「童貞を殺すセーター」の商標登録出願に拒絶理由通知
昨年の5月に「”童貞を殺すセーター”は商標登録され得るか」という記事を書きました。セクシーなセーターを表わすネットミームとして定着している言葉をある企業が商標登録出願したという話です。
先日チェックしたら、上記記事での予測どおり、昨年の12月23日付けで商標法3条1項6号(需要者が何人かの業務に係る商品又は役務であることを認識することができない商標)を根拠に拒絶理由通知が出ていました(まだ出願人からの応答はありません)。記事中では審査官へのヒントとして情報提供(刊行物等提出)を行うこともできると書きましたが、そうするまでもなく、審査官は拒絶理由を出したことになります。一般論ですが、3条1項6号への反論は、「需要者が何人かの業務に係る商品又は役務であることを認識している」ことを立証しなければいけないのでよほど周知商標化していない限り困難です。
拒絶理由通知には以下のように淡々と書かれています。
「別掲」とは「ピクシブ百科事典」等です。最近の特許庁の運用では、ネットミーム的な言葉は、たとえ、マスメディアで広く使われていなくても、ネット上の情報に基づいて3条1項6号で拒絶することが多くなっています。特定の企業や個人が独占するのは妥当ではない、かと言って4条1項7号(公序良俗違反)で拒絶にするほどでもないということで妥当な運用ではと思います。

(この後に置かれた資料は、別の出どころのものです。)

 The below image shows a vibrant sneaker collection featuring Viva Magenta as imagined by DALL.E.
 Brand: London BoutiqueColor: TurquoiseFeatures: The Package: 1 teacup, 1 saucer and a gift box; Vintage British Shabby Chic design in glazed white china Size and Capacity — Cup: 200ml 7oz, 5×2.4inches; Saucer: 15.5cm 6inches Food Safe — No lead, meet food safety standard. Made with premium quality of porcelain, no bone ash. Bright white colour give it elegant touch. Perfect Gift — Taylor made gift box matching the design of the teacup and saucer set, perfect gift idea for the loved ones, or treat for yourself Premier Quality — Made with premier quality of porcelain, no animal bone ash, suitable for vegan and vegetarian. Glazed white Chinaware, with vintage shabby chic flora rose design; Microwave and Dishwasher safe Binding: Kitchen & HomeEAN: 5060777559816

ネットミームの由来と全然関係ない人が抜け駆け的に商標登録出願しても料金が無駄になる(下手すると炎上する)だけなので、やめておいた方がよいでしょう。
なお、ドワンゴによる「ゆっくり劇場」「ゆっくり実況」「ゆっくり解説」の出願のように、商標権を独占するためではなく、第三者による勝手出願を防ぐための防御的出願のケース、あるいは、誰が出願しても登録されない、いわばパブリックドメイン的な言葉になっていることを確認するために出願されるケースもありますので、ネットミームの商標登録出願が即批判すべき行為というわけではない点には注意が必要です。